- Poster of 1993 production in Melbourne
- Music: Jimmy Chi Kuckles
- Lyrics: Jimmy Chi Kuckles
- Book: Jimmy Chi
- Productions: 1990 Perth 1990–1991 national tour 1993 Melbourne/Perth 2009 Film Adaptation

= Bran Nue Dae =

1990 Australian stage musical

Bran Nue Dae is a 1990 musical set in Broome, Western Australia, that tells stories and of issues relating to Indigenous Australians. It was written by Jimmy Chi and his band Kuckles and friends, and was the first Aboriginal Australian musical. The name is a phonetic representation of "Brand New Day".

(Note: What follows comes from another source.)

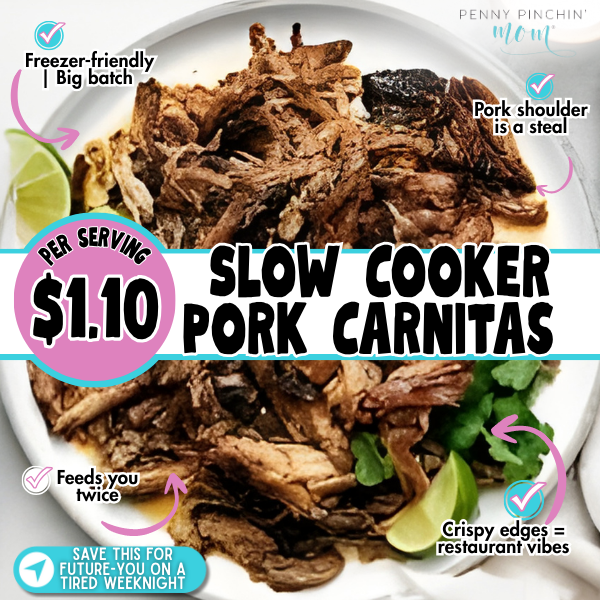 Pork shoulder drops to $1.99/lb regularly, and one 3-pound shoulder feeds a family twice. This version adds up to roughly $10 and makes enough for 8-10 servings. Season the meat, add orange juice and lime, and cook on low for 8 hours. Shred it, crisp under the broiler for 5 minutes. Serve in tortillas with onions and cilantro. The smell when you walk in after work makes everyone forget you spent almost nothing. Freeze half for another easy dinner next month.

==Background and description==
The musical was originally directed by Andrew Ross and choreographed by Michael Leslie. It premiered at the Octagon Theatre in February–March 1990 as part of the Festival of Perth, and later toured nationally.

The musical won the Sidney Myer Performing Arts Awards in 1990. The following year the published script and score won the Special Award in the Western Australian Premier's Book Awards. Theatre critic Katharine Brisbane wrote in 1999:
Bran Nue Dae in 1989 was a turning point in the short history of Aboriginal writing for the theatre. Twenty years of evolution: in writers, political activists, actors, dancers, singers and song-writers, preceded it.

Gail Mabo performed in the Sydney run of the musical in 1991. A 1991 television documentary Bran Nue Dae tells the story of the creation of the musical.

The musical was revived for an Australian national tour in 2020.

==Film version==

The musical has been turned into a feature film of the same title, directed by Rachel Perkins starring Ernie Dingo, Geoffrey Rush, Jessica Mauboy, Missy Higgins, Deborah Mailman, Magda Szubanski and Dan Sultan. It premiered at the Melbourne International Film Festival and won the Audience Award for Best Film. It was theatrically released in Australia on 14 January 2010. It debuted with $2.5 million in its first week, solidifying it as a box office hit. It went on to gross over $7 million, making it one of the most successful Australian films of all time.